Let $X,Y$ be two nice measurable/normed spaces (i.e. compact, locally compact, hausdorff and whatever properties you might want), e.g. $X$ a closed interval and $Y= \mathbb R$.

Let now $f_n$ be a family of piecewise differentiable maps from $X$ to $Y$ such that their $L_p$-norm converges, i.e. $||f_n'||_p \to \lambda$. Does there exist a converging subfamily $f_k \to f$ such that $f$ is piecewise differentiable and $||f'||_p=\lambda$?

The question arose from the following setting: Let $X$ and $Y$ be two finite metric graphs (you can think of them as closed intervals glued together at their endpoints with metric & measure from $\mathbb R$).
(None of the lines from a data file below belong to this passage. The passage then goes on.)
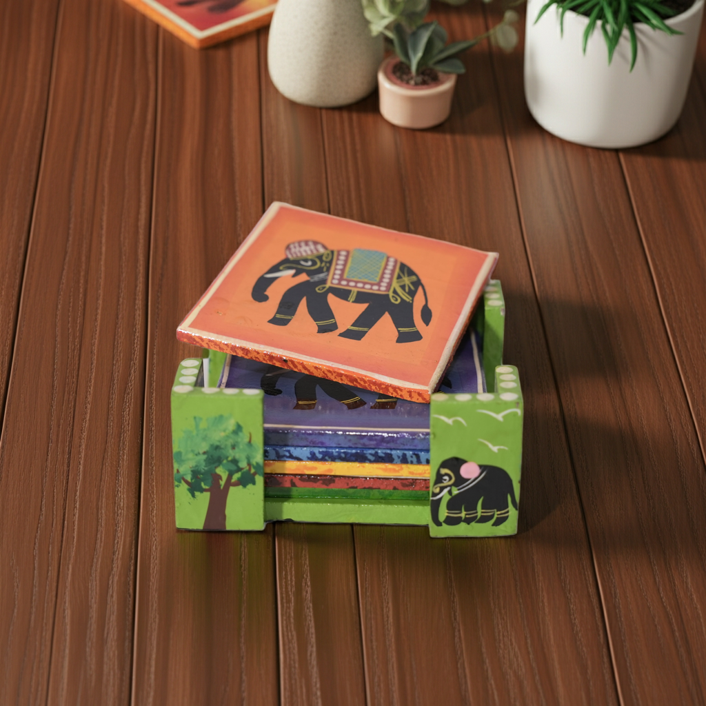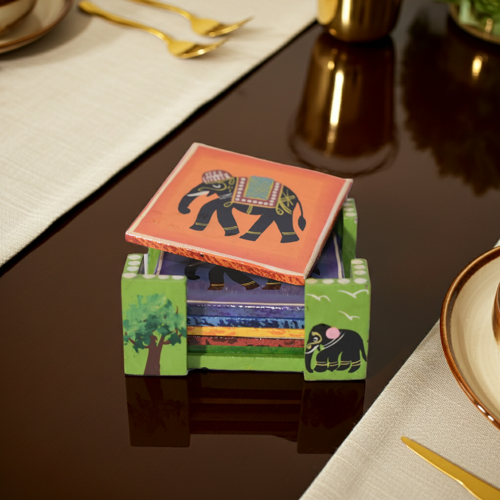 - 6 लकड़ी के कोस्टर का सेट + 1 हाथी के आकार का होल्डर।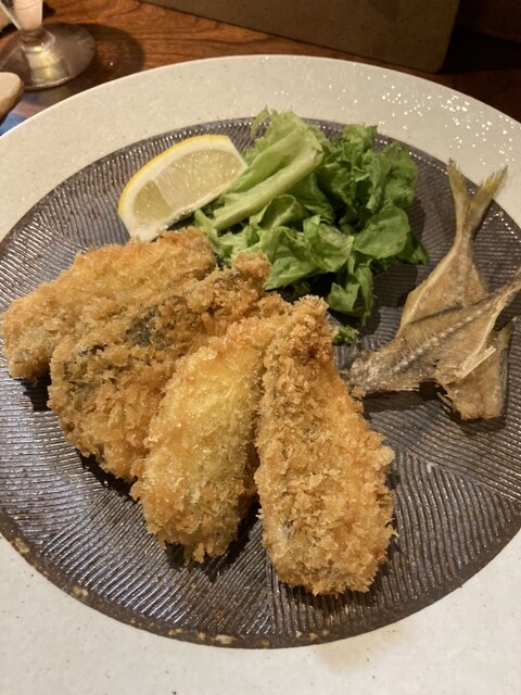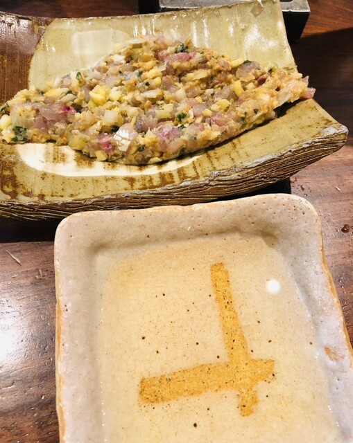 釣りたてふわふわのアジフライが食べたいと思って訪問。なめろうには生姜、茗荷などの薬味がふんだんに使われていて、お酒のアテに最高でした。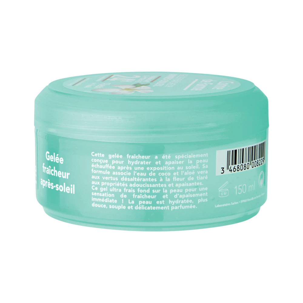 Cette gelée a été spécialement conçue pour hydrater et apaiser la peau échauffée après une exposition au soleil. Sa formule associe l’eau de coco et l’aloé vera aux vertus désaltérantes à la fleur de tiaré aux propriétés adoucissantes et apaisantes.Ce gel ultra frais fond sur la peau pour une sensation de fraîcheur et d’apaisement immédiate. la peau est hydratée, plus souple, douce et délicatement parfumée.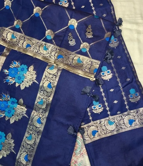 Elevate your ethnic collection with this beautifully woven royal blue Banarasi cotton suit set, crafted for comfort and timeless charm.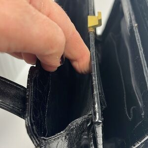 This is a gorgeous vintage Large Structured Crocodile Shoulder Hand Bag. In perfect condition. No cracks. No stains. No tears. No odors. Front and back full size compartment are both leather lined. Central snap closure compartment with leather interior and a slip in wall pocket and a zipper pocket. Genuine Crocodile Authenticity shank. 9”H x 10”W x 4”D with 6.5” double strap drops. Four goldtone feet at the bottom to protect the bag.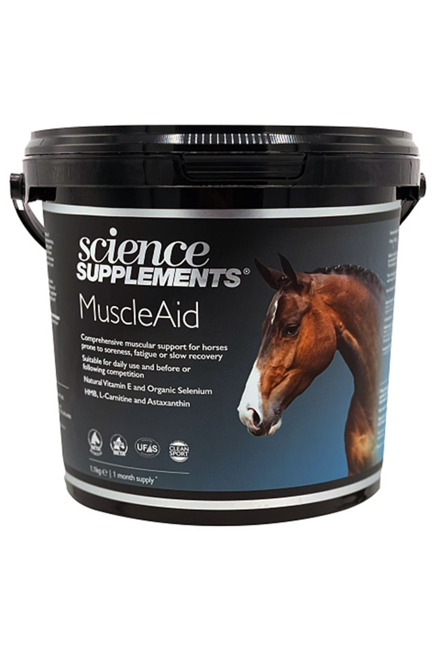 Some horses can suffer with sore muscles and fatigue, whether this is through genetic predisposition, anatomical asymmetries, dietary sensitivities or simply the demands of training and competition. With research showing that horses that are at risk of muscle problems that being fed a muscular dietary support is essential part of long-term management. The Science Supplements MuscleAid have been created with natural antioxidants Vitamin E and Selenium which support muscle cell integrity and reduce free radical damage. The combination of Astaxanthin, L-Carnitine and HMB in MuscleAid have been scientifically proven to work together to reduce the incidence of exercise induced muscle damage and soreness and to accelerate recovery. Available in 1.1kg Tub.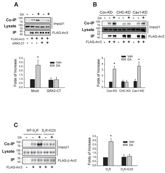 Roles of Gβγ, CHC, and receptor phosphorylation in the interaction between importin β1 and arrestin3. (A) HEK-293 cells expressing D2R were transfected with FLAG-arrestin3, along with a mock vector or GRK2-CT. Cells were treated with either vehicle or 10 μM DA for 2 min. Cell lysates were immunoprecipitated with FLAG beads. Co-IP/lysates and IPs were immunoblotted with antibodies against importin β1 and FLAG, respectively. * p < 0.05 compared to the Veh/Mock group (n = 3). (B) Con-KD, CHC-KD, and Cav1-KD HEK-293 cells transfected with D2R and FLAG-arrestin3. Cells were treated with either vehicle or 10 μM DA for 2 min. * p < 0.05 compared to the corresponding vehicle-treated group and CHC-KD cells (n = 3). (C) HEK-293 cells were transfected with FLAG-arrestin3, together with WT-D2R or D2R-IC23. Cells were treated with either vehicle or 10 μM DA for 2 min. * p < 0.05 compared to other groups (n = 3).
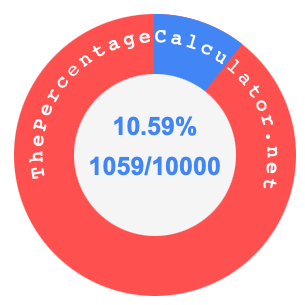 Here we will not only show you how to convert 10.59 percent to a fraction (10.59% as a fraction), but also illustrate 10.59 percent and 10.59 as a fraction on a pie chart.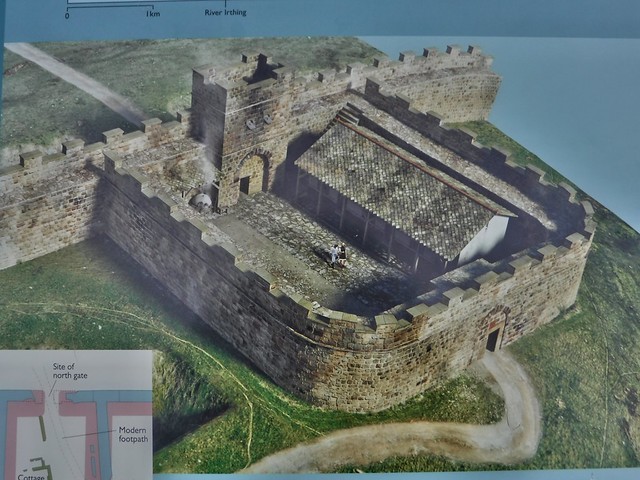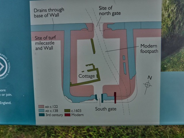 There are thought to have been 80 milecastles on Hadrian’s Wall, located every Roman mile (1,000 paces) along the Wall, with two turrets (observation towers) spaced every third of a mile between them. The Milecastles were rectangular forts manned by small garrisons (probably 10-30 soldiers). The milecastles significance was much more than just their role in defending the Roman frontier. The milecastles had gateways in the north and south walls, often with towers on the north gate. They controlled passage through the Wall, supporting the checking of movement and levying taxes (customs) on goods and people. The milecastles also provided a visible symbol of Roman authority and imperial control. After Hadrian’s Wall was initially built (AD 122-8), larger forts (such as Housesteads) were added to the wall, providing bigger bases for fighting units, suggesting a shift in Roman strategy. In the 1930s a numbering system was devised, with the Milecastles numbered east to west.

Given a family of piecewise differentiable maps $f_n: X \to Y$, does there exist a piecewise differentiable map $f: X \to Y$, such that the $L_p$-norm of its derivative $||f'||_p$ attains the infimum of $||f'_n||_p$?

Here the family $f_n$ is the set of all piecewise differentiable maps homotopic to a given function. Hence I think we can even assume that the $f_n$ are continuous and piecewise linear, since averaging along edges decreases the $L_p$-norm of its derivative , i.e. do we have $||f'_n||_p \geq |\frac{f_n(b)-f_n(a)}{b-a}|$ for $f_n:[a,b] \to \mathbb R$?

For $p=\infty$ such an $f$ exists by Arzela-Ascoli, but does this also hold for other $L_p$-norms?

EDIT: In the first version of the question the $f_n$ and $f$ in the box were only continuous and $||f_n||_p$ converged to $\lambda=||f||_p$.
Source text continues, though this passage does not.